## Items from a dataset

+++

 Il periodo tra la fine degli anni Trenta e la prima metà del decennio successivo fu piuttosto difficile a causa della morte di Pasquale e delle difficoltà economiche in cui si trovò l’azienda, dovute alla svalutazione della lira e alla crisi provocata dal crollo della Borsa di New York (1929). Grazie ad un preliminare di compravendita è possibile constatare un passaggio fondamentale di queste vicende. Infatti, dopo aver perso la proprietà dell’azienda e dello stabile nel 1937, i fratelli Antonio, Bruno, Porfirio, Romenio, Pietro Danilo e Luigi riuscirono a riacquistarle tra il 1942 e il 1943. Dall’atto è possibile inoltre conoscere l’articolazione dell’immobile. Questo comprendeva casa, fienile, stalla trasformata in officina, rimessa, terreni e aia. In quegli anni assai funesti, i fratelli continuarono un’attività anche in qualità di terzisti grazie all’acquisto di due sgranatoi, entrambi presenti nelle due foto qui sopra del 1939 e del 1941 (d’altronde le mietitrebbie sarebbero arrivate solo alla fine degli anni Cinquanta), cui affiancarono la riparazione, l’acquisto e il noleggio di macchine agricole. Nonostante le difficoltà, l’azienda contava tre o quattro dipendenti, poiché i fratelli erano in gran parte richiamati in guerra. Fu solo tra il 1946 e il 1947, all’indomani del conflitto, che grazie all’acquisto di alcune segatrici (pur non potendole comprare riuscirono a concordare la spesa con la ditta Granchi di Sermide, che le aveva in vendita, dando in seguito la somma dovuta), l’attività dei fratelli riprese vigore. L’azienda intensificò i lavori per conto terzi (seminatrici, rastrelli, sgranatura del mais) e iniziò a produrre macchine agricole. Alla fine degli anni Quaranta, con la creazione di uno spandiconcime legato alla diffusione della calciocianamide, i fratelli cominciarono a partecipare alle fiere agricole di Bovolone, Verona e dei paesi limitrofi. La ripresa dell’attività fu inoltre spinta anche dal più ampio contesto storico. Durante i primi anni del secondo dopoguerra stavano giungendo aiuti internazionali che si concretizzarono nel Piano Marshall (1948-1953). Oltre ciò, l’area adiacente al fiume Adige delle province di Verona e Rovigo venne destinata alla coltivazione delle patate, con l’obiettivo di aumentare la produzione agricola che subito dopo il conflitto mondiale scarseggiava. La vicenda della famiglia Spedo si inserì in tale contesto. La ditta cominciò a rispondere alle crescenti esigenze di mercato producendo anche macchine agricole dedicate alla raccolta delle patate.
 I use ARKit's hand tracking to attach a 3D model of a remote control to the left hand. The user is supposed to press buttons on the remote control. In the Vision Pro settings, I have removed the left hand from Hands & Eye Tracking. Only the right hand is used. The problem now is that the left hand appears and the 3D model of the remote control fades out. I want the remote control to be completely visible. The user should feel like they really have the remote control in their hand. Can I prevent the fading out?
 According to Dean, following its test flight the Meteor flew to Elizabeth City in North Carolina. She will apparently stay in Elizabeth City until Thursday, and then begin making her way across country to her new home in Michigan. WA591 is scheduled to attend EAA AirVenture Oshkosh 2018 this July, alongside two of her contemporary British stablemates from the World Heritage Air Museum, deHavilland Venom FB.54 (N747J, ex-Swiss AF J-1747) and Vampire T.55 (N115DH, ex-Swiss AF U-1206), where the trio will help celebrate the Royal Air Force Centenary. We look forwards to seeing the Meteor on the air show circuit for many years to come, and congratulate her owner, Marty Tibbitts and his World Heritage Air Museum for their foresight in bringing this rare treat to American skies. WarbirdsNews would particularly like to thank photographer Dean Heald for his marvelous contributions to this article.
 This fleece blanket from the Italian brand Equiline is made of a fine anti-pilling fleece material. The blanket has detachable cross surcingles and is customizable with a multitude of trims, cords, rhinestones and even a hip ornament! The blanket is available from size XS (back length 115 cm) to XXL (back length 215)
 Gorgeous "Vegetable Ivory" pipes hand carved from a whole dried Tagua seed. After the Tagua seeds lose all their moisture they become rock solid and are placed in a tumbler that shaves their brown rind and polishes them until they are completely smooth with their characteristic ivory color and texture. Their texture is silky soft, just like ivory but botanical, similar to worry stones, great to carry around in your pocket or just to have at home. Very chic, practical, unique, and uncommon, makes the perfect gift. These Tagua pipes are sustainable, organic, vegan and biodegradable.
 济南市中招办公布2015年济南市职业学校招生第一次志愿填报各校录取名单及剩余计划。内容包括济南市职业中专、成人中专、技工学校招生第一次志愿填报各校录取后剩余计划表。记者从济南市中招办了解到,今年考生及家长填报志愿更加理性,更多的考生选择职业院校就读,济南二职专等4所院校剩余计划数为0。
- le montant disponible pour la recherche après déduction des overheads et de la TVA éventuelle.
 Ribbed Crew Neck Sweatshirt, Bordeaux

+++

## What is required
All of the data above should be reproduced verbatim.

## Solved problem
 Il periodo tra la fine degli anni Trenta e la prima metà del decennio successivo fu piuttosto difficile a causa della morte di Pasquale e delle difficoltà economiche in cui si trovò l’azienda, dovute alla svalutazione della lira e alla crisi provocata dal crollo della Borsa di New York (1929). Grazie ad un preliminare di compravendita è possibile constatare un passaggio fondamentale di queste vicende. Infatti, dopo aver perso la proprietà dell’azienda e dello stabile nel 1937, i fratelli Antonio, Bruno, Porfirio, Romenio, Pietro Danilo e Luigi riuscirono a riacquistarle tra il 1942 e il 1943. Dall’atto è possibile inoltre conoscere l’articolazione dell’immobile. Questo comprendeva casa, fienile, stalla trasformata in officina, rimessa, terreni e aia. In quegli anni assai funesti, i fratelli continuarono un’attività anche in qualità di terzisti grazie all’acquisto di due sgranatoi, entrambi presenti nelle due foto qui sopra del 1939 e del 1941 (d’altronde le mietitrebbie sarebbero arrivate solo alla fine degli anni Cinquanta), cui affiancarono la riparazione, l’acquisto e il noleggio di macchine agricole. Nonostante le difficoltà, l’azienda contava tre o quattro dipendenti, poiché i fratelli erano in gran parte richiamati in guerra. Fu solo tra il 1946 e il 1947, all’indomani del conflitto, che grazie all’acquisto di alcune segatrici (pur non potendole comprare riuscirono a concordare la spesa con la ditta Granchi di Sermide, che le aveva in vendita, dando in seguito la somma dovuta), l’attività dei fratelli riprese vigore. L’azienda intensificò i lavori per conto terzi (seminatrici, rastrelli, sgranatura del mais) e iniziò a produrre macchine agricole. Alla fine degli anni Quaranta, con la creazione di uno spandiconcime legato alla diffusione della calciocianamide, i fratelli cominciarono a partecipare alle fiere agricole di Bovolone, Verona e dei paesi limitrofi. La ripresa dell’attività fu inoltre spinta anche dal più ampio contesto storico. Durante i primi anni del secondo dopoguerra stavano giungendo aiuti internazionali che si concretizzarono nel Piano Marshall (1948-1953). Oltre ciò, l’area adiacente al fiume Adige delle province di Verona e Rovigo venne destinata alla coltivazione delle patate, con l’obiettivo di aumentare la produzione agricola che subito dopo il conflitto mondiale scarseggiava. La vicenda della famiglia Spedo si inserì in tale contesto. La ditta cominciò a rispondere alle crescenti esigenze di mercato producendo anche macchine agricole dedicate alla raccolta delle patate.
 I use ARKit's hand tracking to attach a 3D model of a remote control to the left hand. The user is supposed to press buttons on the remote control. In the Vision Pro settings, I have removed the left hand from Hands & Eye Tracking. Only the right hand is used. The problem now is that the left hand appears and the 3D model of the remote control fades out. I want the remote control to be completely visible. The user should feel like they really have the remote control in their hand. Can I prevent the fading out?
 According to Dean, following its test flight the Meteor flew to Elizabeth City in North Carolina. She will apparently stay in Elizabeth City until Thursday, and then begin making her way across country to her new home in Michigan. WA591 is scheduled to attend EAA AirVenture Oshkosh 2018 this July, alongside two of her contemporary British stablemates from the World Heritage Air Museum, deHavilland Venom FB.54 (N747J, ex-Swiss AF J-1747) and Vampire T.55 (N115DH, ex-Swiss AF U-1206), where the trio will help celebrate the Royal Air Force Centenary. We look forwards to seeing the Meteor on the air show circuit for many years to come, and congratulate her owner, Marty Tibbitts and his World Heritage Air Museum for their foresight in bringing this rare treat to American skies. WarbirdsNews would particularly like to thank photographer Dean Heald for his marvelous contributions to this article.
 This fleece blanket from the Italian brand Equiline is made of a fine anti-pilling fleece material. The blanket has detachable cross surcingles and is customizable with a multitude of trims, cords, rhinestones and even a hip ornament! The blanket is available from size XS (back length 115 cm) to XXL (back length 215)
 Gorgeous "Vegetable Ivory" pipes hand carved from a whole dried Tagua seed. After the Tagua seeds lose all their moisture they become rock solid and are placed in a tumbler that shaves their brown rind and polishes them until they are completely smooth with their characteristic ivory color and texture. Their texture is silky soft, just like ivory but botanical, similar to worry stones, great to carry around in your pocket or just to have at home. Very chic, practical, unique, and uncommon, makes the perfect gift. These Tagua pipes are sustainable, organic, vegan and biodegradable.
 济南市中招办公布2015年济南市职业学校招生第一次志愿填报各校录取名单及剩余计划。内容包括济南市职业中专、成人中专、技工学校招生第一次志愿填报各校录取后剩余计划表。记者从济南市中招办了解到,今年考生及家长填报志愿更加理性,更多的考生选择职业院校就读,济南二职专等4所院校剩余计划数为0。
- le montant disponible pour la recherche après déduction des overheads et de la TVA éventuelle.
 Ribbed Crew Neck Sweatshirt, Bordeaux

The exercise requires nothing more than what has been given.